The Pentagon will reportedly allow transgender troops in the military to re-enlist over the next few months, in a blow to US President Donald Trump’s ban.
Defense Secretary Jim Mattis said in a memo Friday that transgender troops can continue to serve and receive required medical care, and that this would remain policy until February, AP reports. Mattis said a panel will determine how Trump’s transgender ban will be implemented.
Trump announced transgender individuals can’t enlist in a tweet in June, but it is up to Mattis to decide whether currently enlisted transgender troops will be allowed to stay in the military.
Arizona Senator John McCain announced his support for legislation aimed at blocking Trump from kicking transgender people out of the military on Friday.
McCain, who fought the Pentagon’s 2010 decision to allow gay people to openly serve in the military, was one of four cosponsors of the bill that would stop the Defense Department denying transgender troops the ability to serve.
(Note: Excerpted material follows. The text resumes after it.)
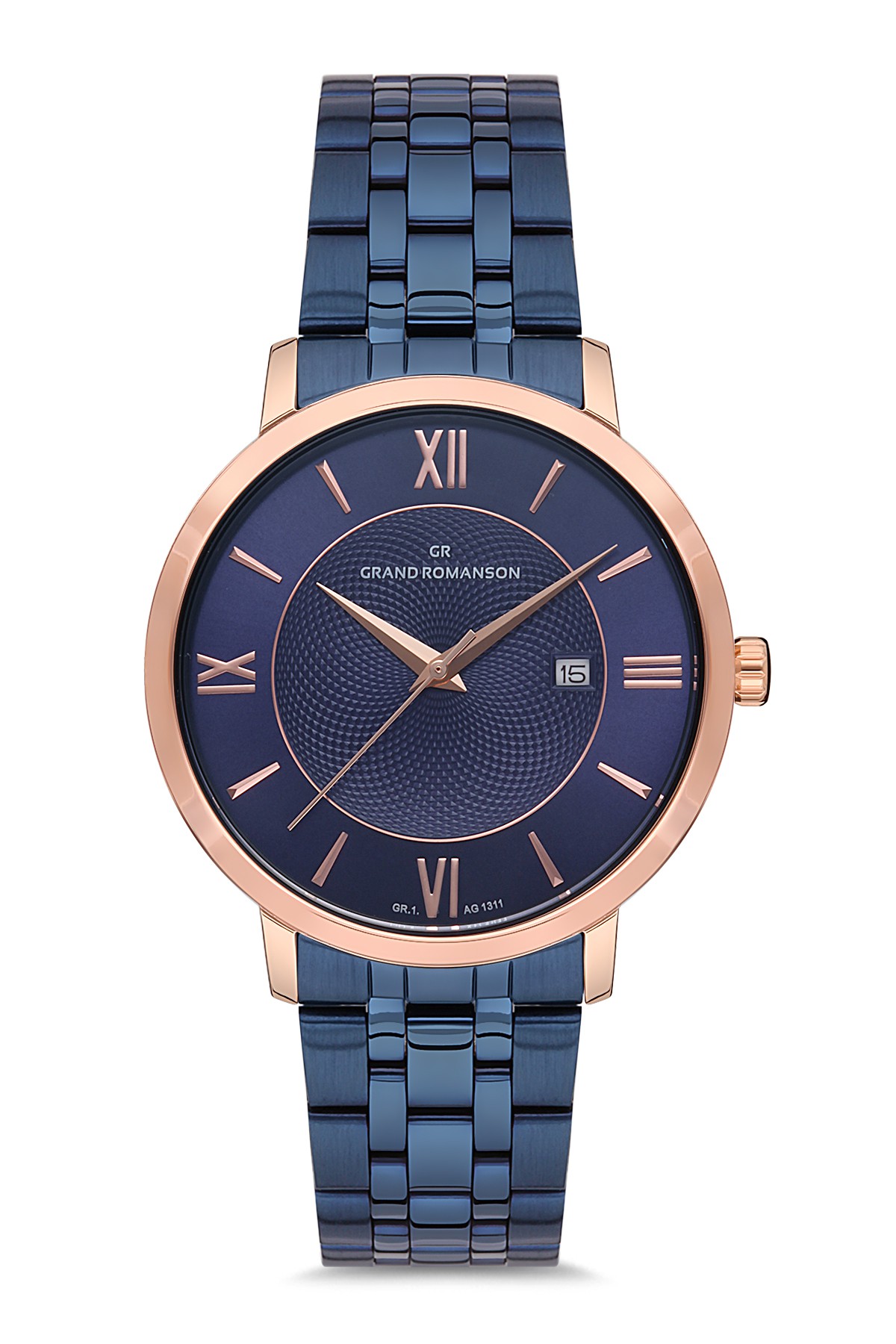 Erkek - Takvi̇mli̇ - Rose Mavi̇ - Mavi̇ - Paslanmaz Masi̇f Çeli̇k - 3 Atm - Sertleşti̇ri̇lmi̇ş Mi̇neral Cam - Grand Romanson - 42
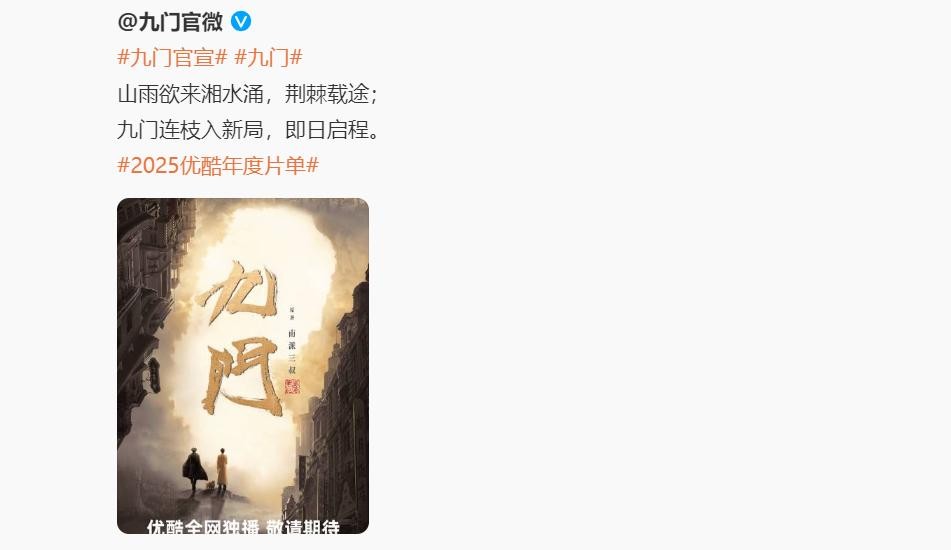 备受关注的《老九门》续作《九门》终于官宣,将于2025年与观众见面。这部由慈文传媒出品的探险题材电视剧,是《盗墓笔记》系列影视作品的又一力作,引发了广大粉丝和剧迷的热烈讨论。

“When less than 1 percent of Americans are volunteering to join the military, we should welcome all those who are willing and able to serve our country,” McCain said in a statement. “Any member of the military who meets the medical and readiness standards should be allowed to serve—including those who are transgender.”
Members of Congress have also called on the president to reverse his decision, while the American Civil Liberties Union and other rights groups have filed suits to fight the ban.
Trump announced his controversial decision in a tweet in July, later releasing a presidential memo indefinitely banning transgender people from enlisting. He gave Mattis six months to create policy on those already serving.
The announcement came just over a year after the Obama administration announced transgender troops could serve openly in the military. It set a July 2017 deadline to determine whether transgender people can enter the military, which Mattis delayed until January 2018.